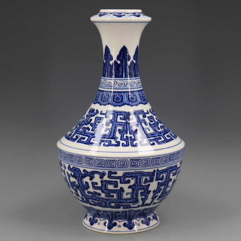 清乾隆青花中華紋方尖瓶仿古工藝瓷器家居博古擺件古董古玩收藏1入
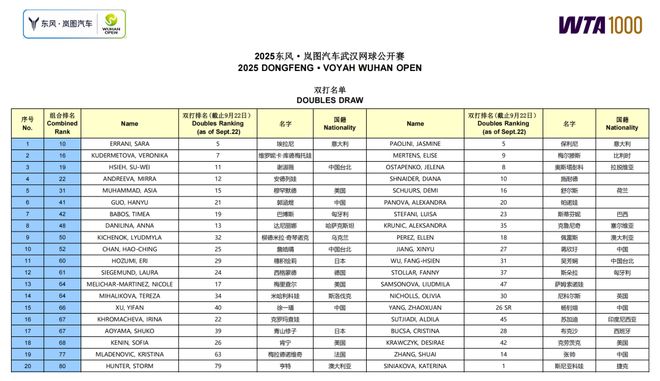 此外,雅加达亚运会金牌得主徐一璠/杨钊煊、海峡组合蒋欣玗/詹皓晴也将参赛,为本届武网女双赛事增添更多亮点。
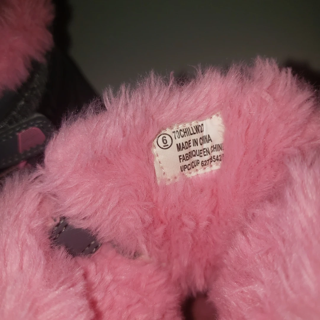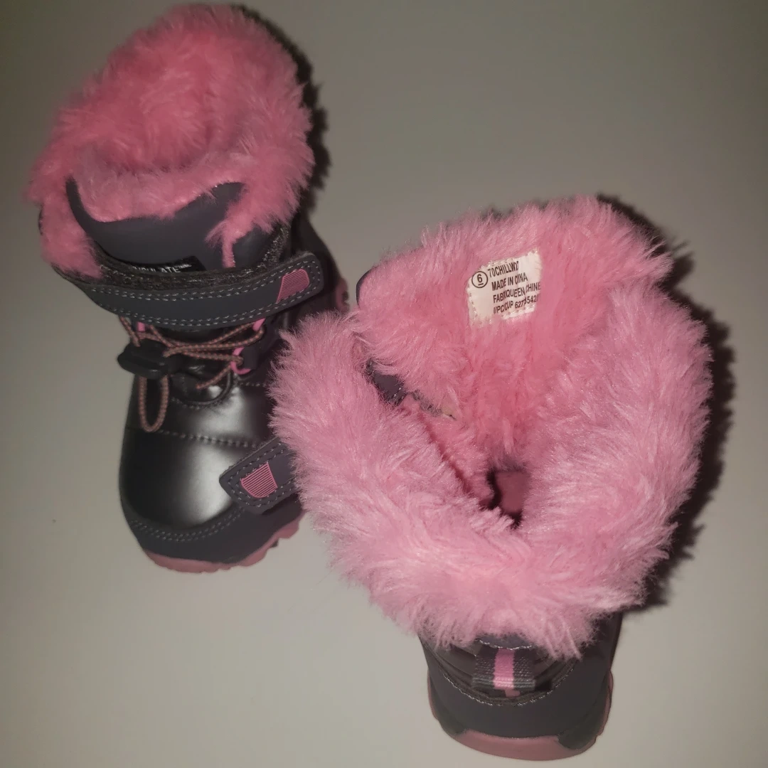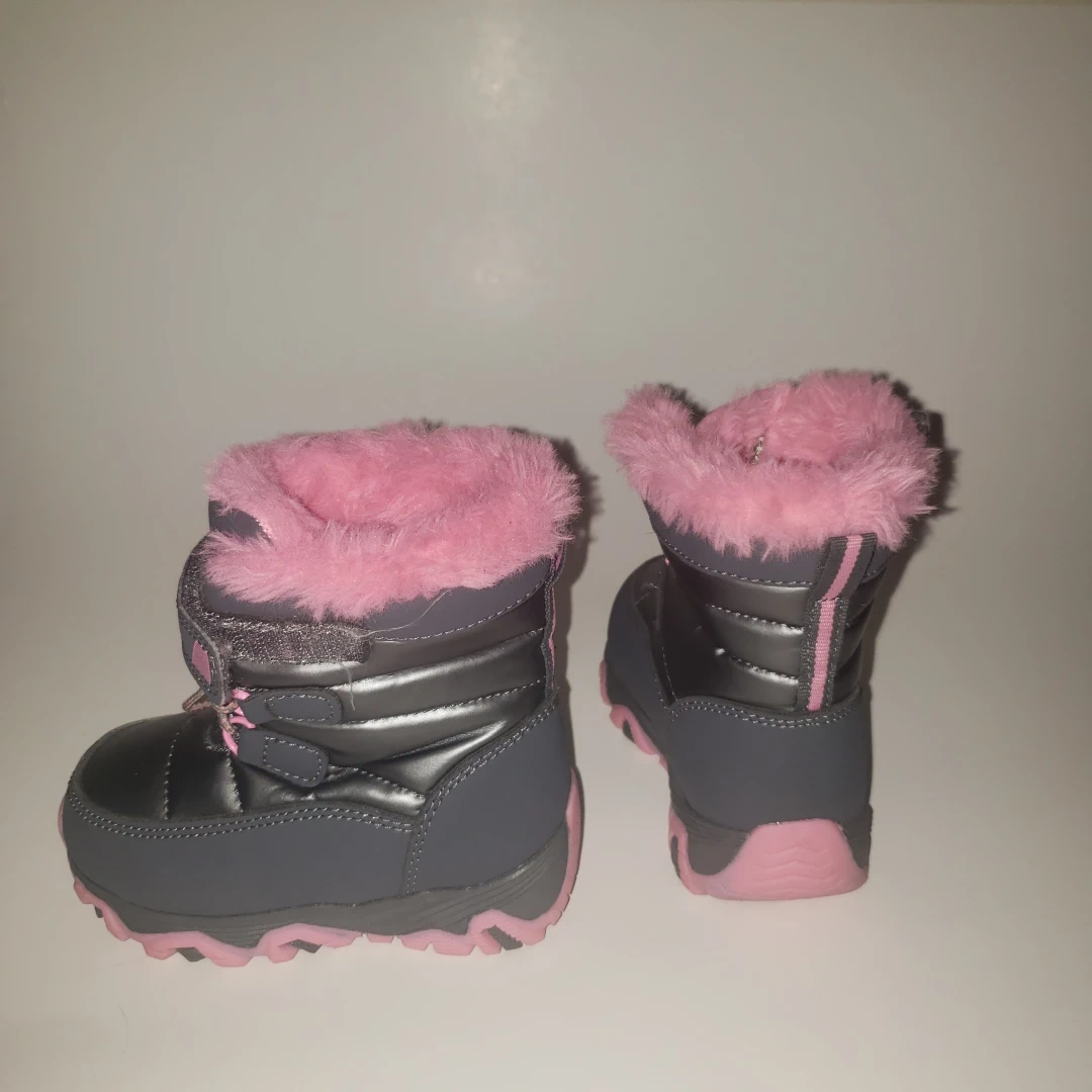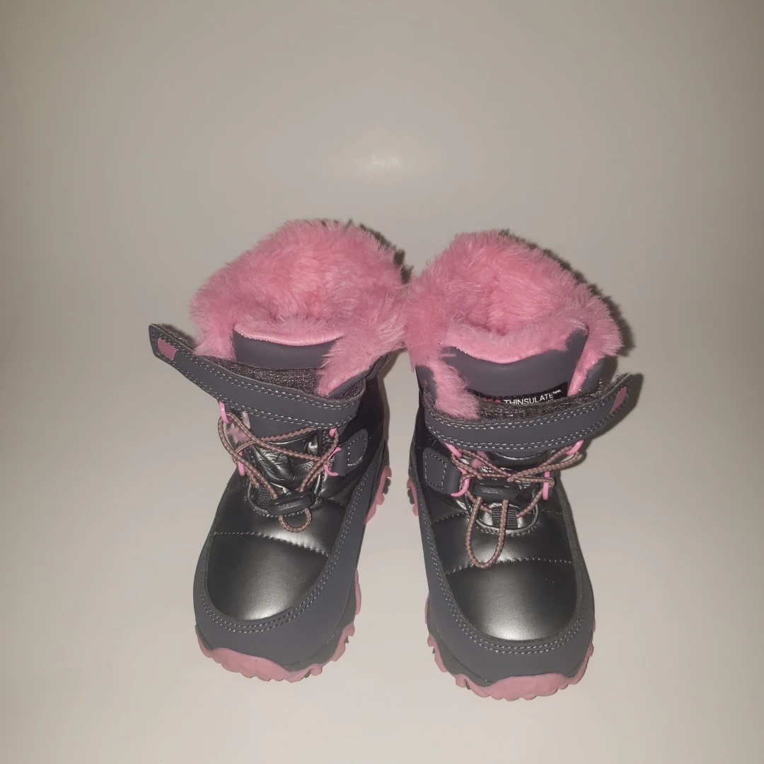109Grey and pink winter boots with pink faux fur lining. They have a velcro closure and a zipper.
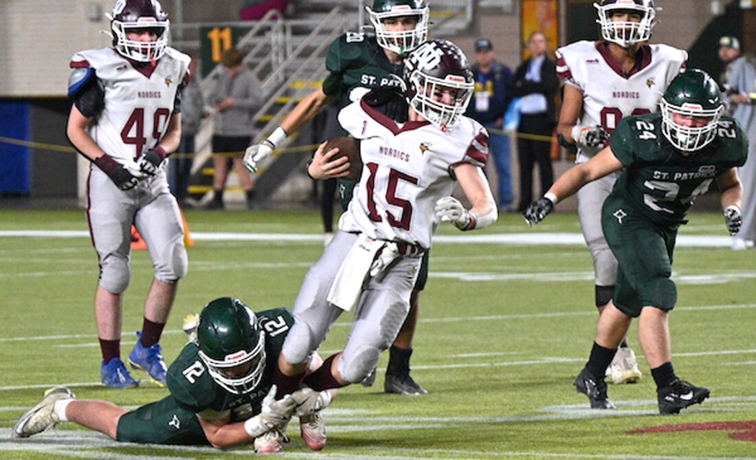 The Nordics drove into St. Patrick territory twice in the period. The first stalled at the 44 when the game was still within reach at 26-0. The second got all the way to the 24, but incomplete passes on third and fourth downs gave St. Patrick the ball back with four seconds on the first-half clock.
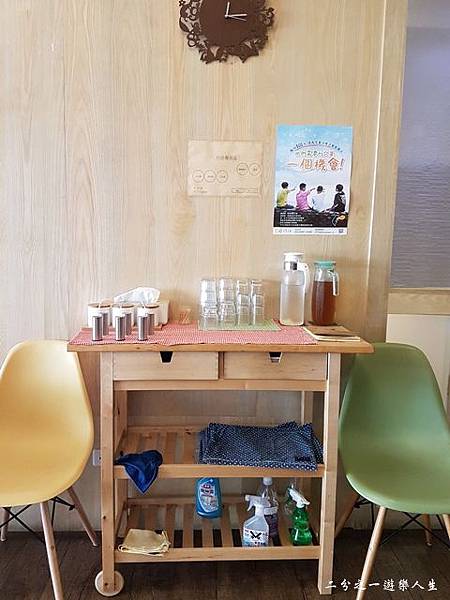 調味料、水杯及茶均為自取,那散落的清潔用品若能用個籃子整理一起,或許不會讓人感到那麼雜亂。桌布旁放了條抹布,即便是乾淨的,看起來都沒那麼潔淨了,可惜了這張好看的櫃子。
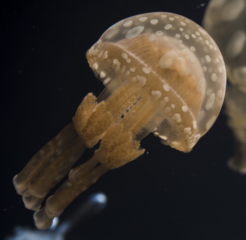 Like other jellyfish, this species eats captured prey, but it can also produce nutrients through photosynthesis performed by symbiotic algae within its body.
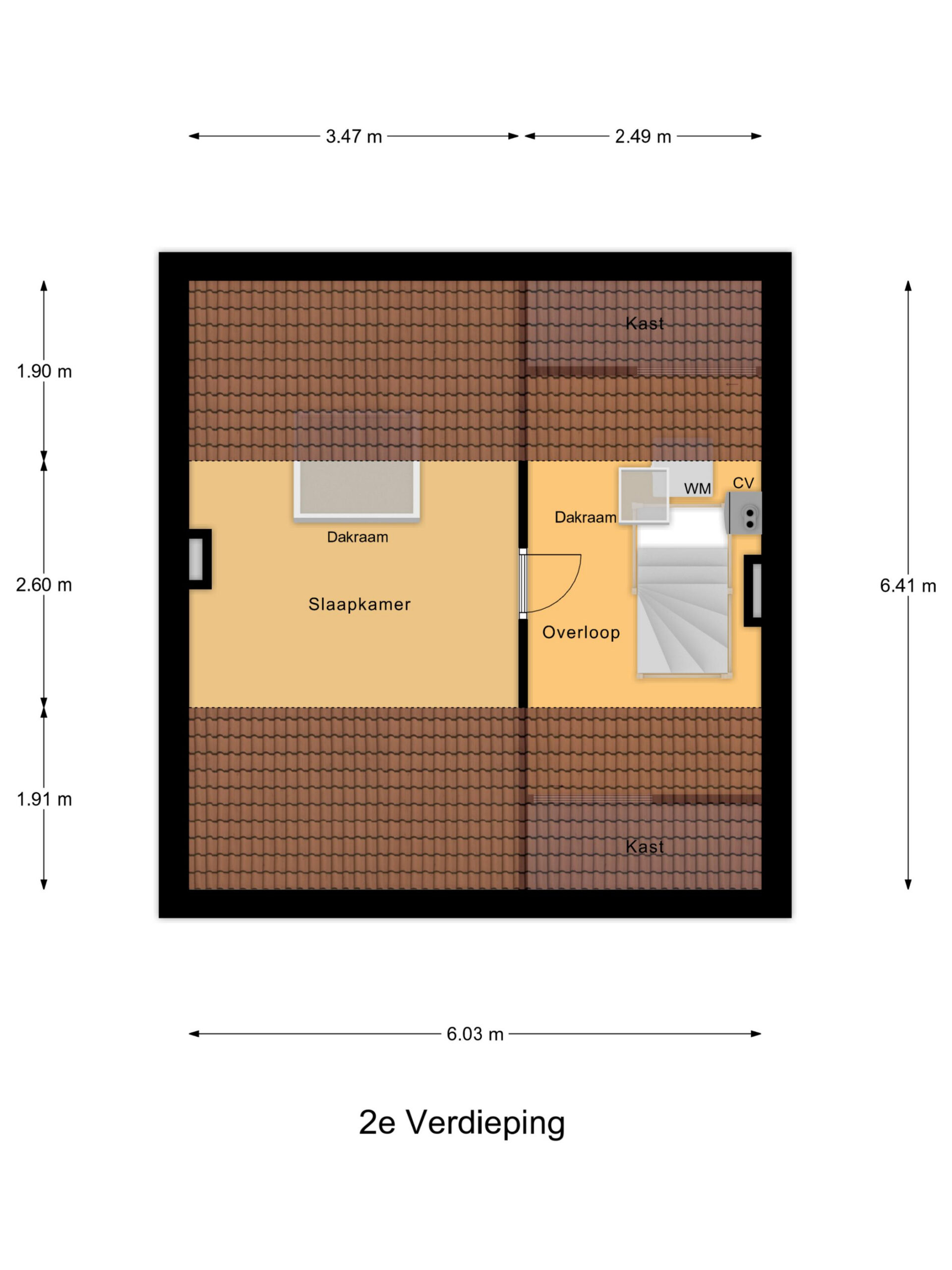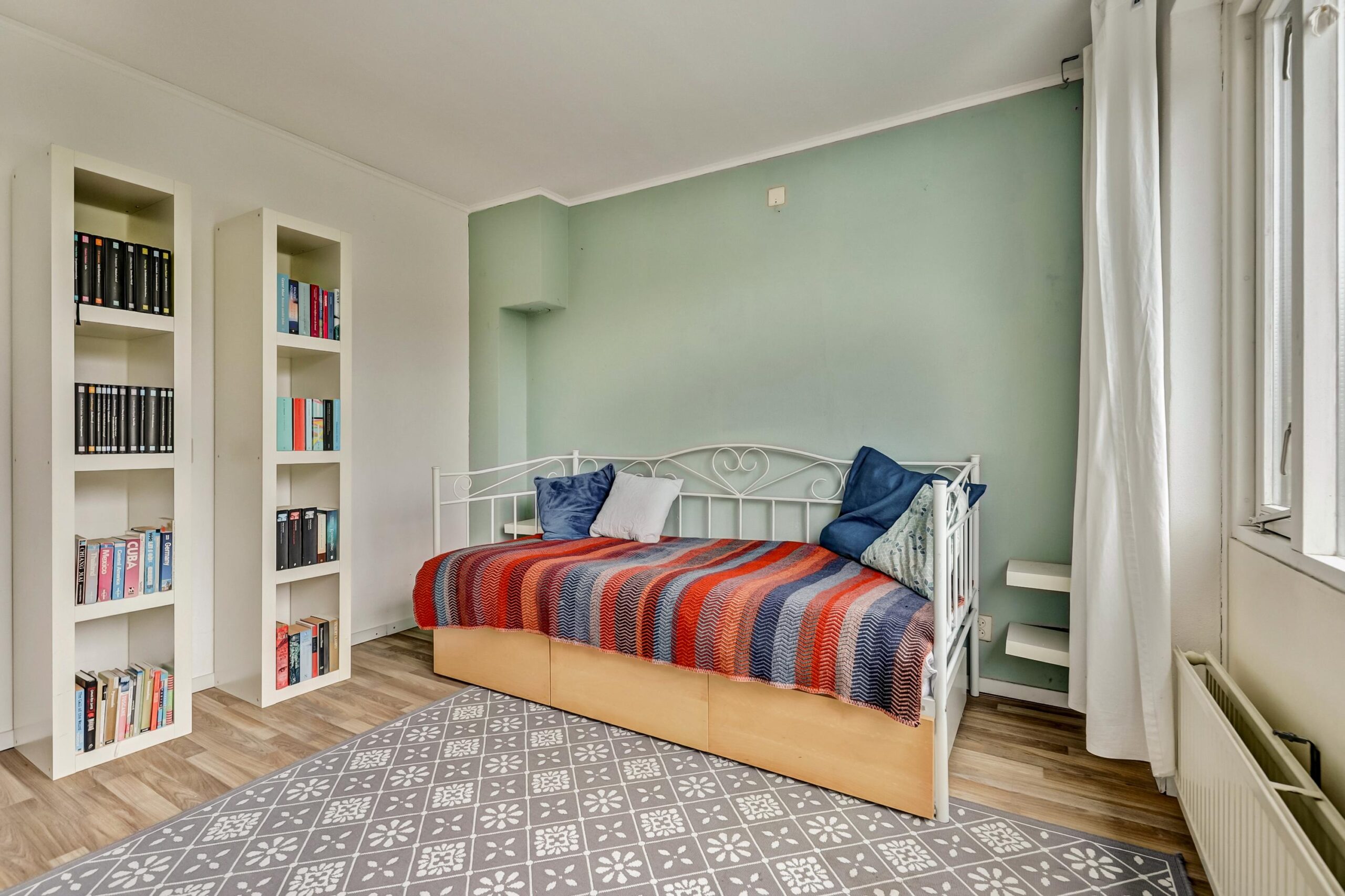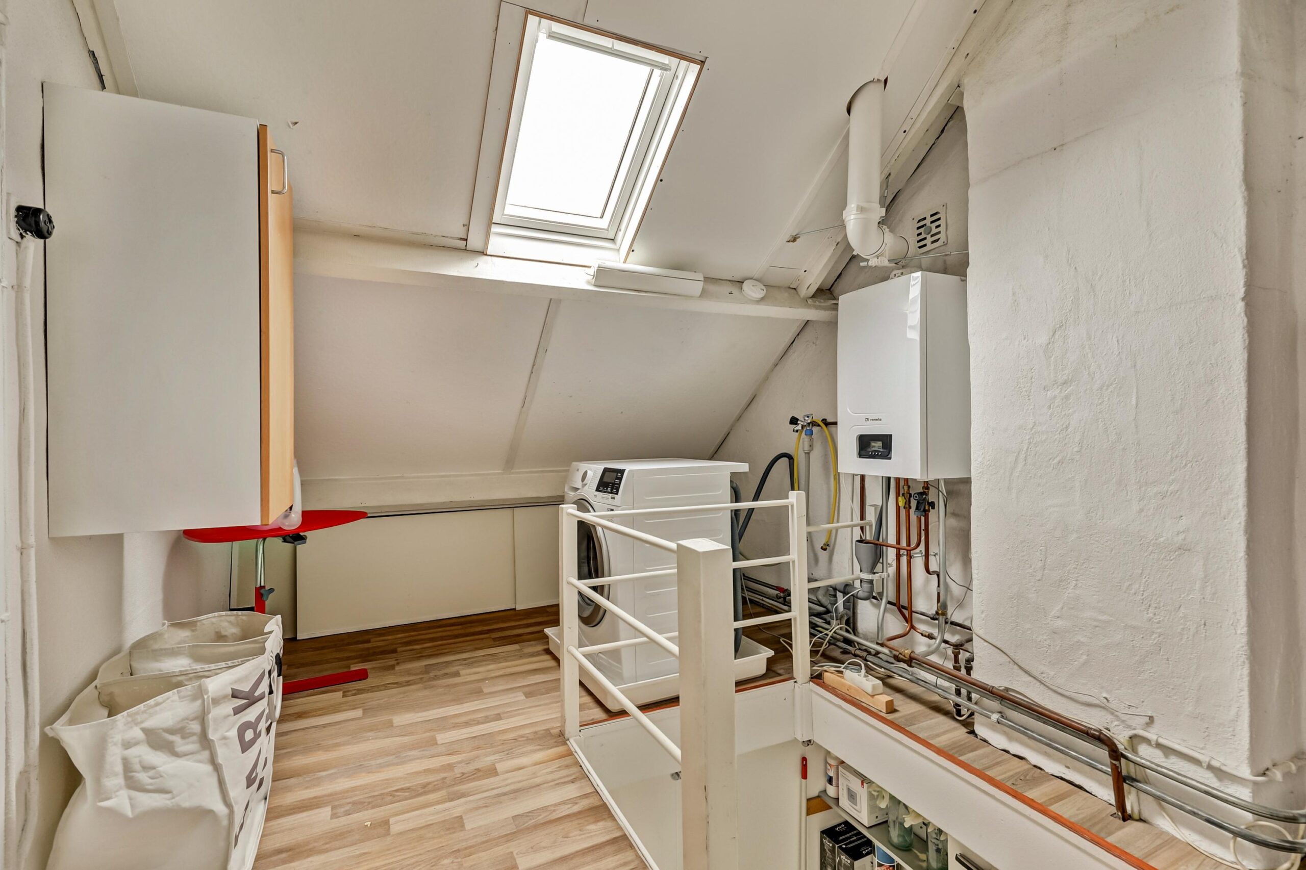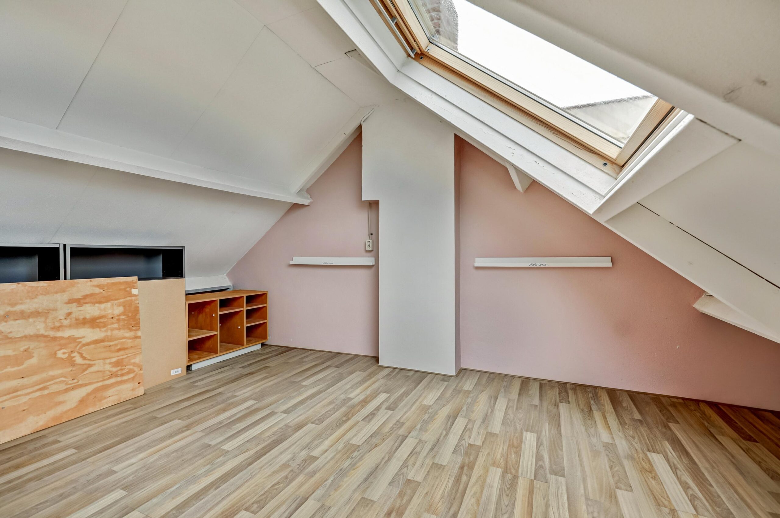 De zolderverdieping verrast met een vierde slaapkamer, uitgerust met een groot dakraam, radiator en bergruimte achter de knieschotten. Op de voorzolder zijn de cv-ketel (Remeha, 2022) en witgoedaansluitingen geplaatst.
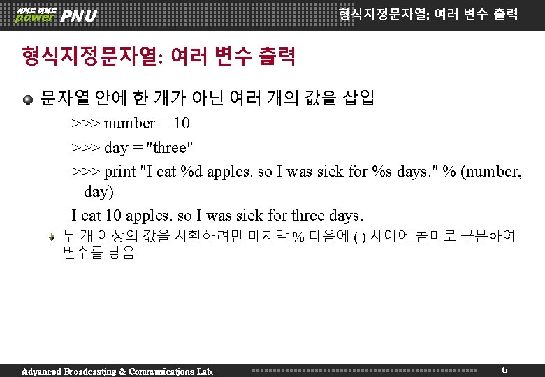 세계로 미래로 power PNU 형식지정문자열: 변수 값 출력 숫자를 변수로 대입 후 출력 >>> number = 3 >>> print "I eat %d apples. " % number I eat 3 apples. Number에 3을 대입한 후 출력함 Advanced Broadcasting & Communications Lab. 5
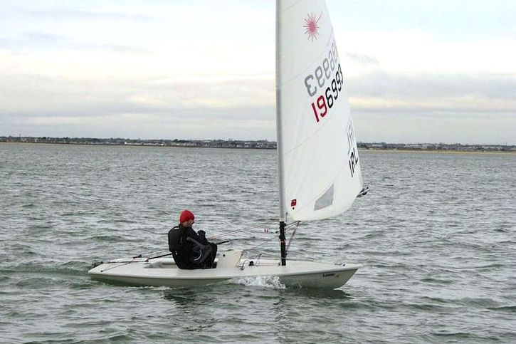 The dedicated Laser sailors of the Howth Frostbites launched in less than 5 knots and sailed a long downwind to the start line. The Race Committee raised the AP flag in the hope that the forecasted breeze would fill in from the West.
○ ○ ○ ○ ○ ○ ○
EXERCISE OBJECTIVE:
Please copy the data shown above precisely, leaving the images out.

REPLY:
 清乾隆青花中華紋方尖瓶仿古工藝瓷器家居博古擺件古董古玩收藏1入
 此外,雅加达亚运会金牌得主徐一璠/杨钊煊、海峡组合蒋欣玗/詹皓晴也将参赛,为本届武网女双赛事增添更多亮点。
109Grey and pink winter boots with pink faux fur lining. They have a velcro closure and a zipper.
 The Nordics drove into St. Patrick territory twice in the period. The first stalled at the 44 when the game was still within reach at 26-0. The second got all the way to the 24, but incomplete passes on third and fourth downs gave St. Patrick the ball back with four seconds on the first-half clock.
 調味料、水杯及茶均為自取,那散落的清潔用品若能用個籃子整理一起,或許不會讓人感到那麼雜亂。桌布旁放了條抹布,即便是乾淨的,看起來都沒那麼潔淨了,可惜了這張好看的櫃子。
 Like other jellyfish, this species eats captured prey, but it can also produce nutrients through photosynthesis performed by symbiotic algae within its body.
 De zolderverdieping verrast met een vierde slaapkamer, uitgerust met een groot dakraam, radiator en bergruimte achter de knieschotten. Op de voorzolder zijn de cv-ketel (Remeha, 2022) en witgoedaansluitingen geplaatst.
 세계로 미래로 power PNU 형식지정문자열: 변수 값 출력 숫자를 변수로 대입 후 출력 >>> number = 3 >>> print "I eat %d apples. " % number I eat 3 apples. Number에 3을 대입한 후 출력함 Advanced Broadcasting & Communications Lab. 5
 The dedicated Laser sailors of the Howth Frostbites launched in less than 5 knots and sailed a long downwind to the start line. The Race Committee raised the AP flag in the hope that the forecasted breeze would fill in from the West.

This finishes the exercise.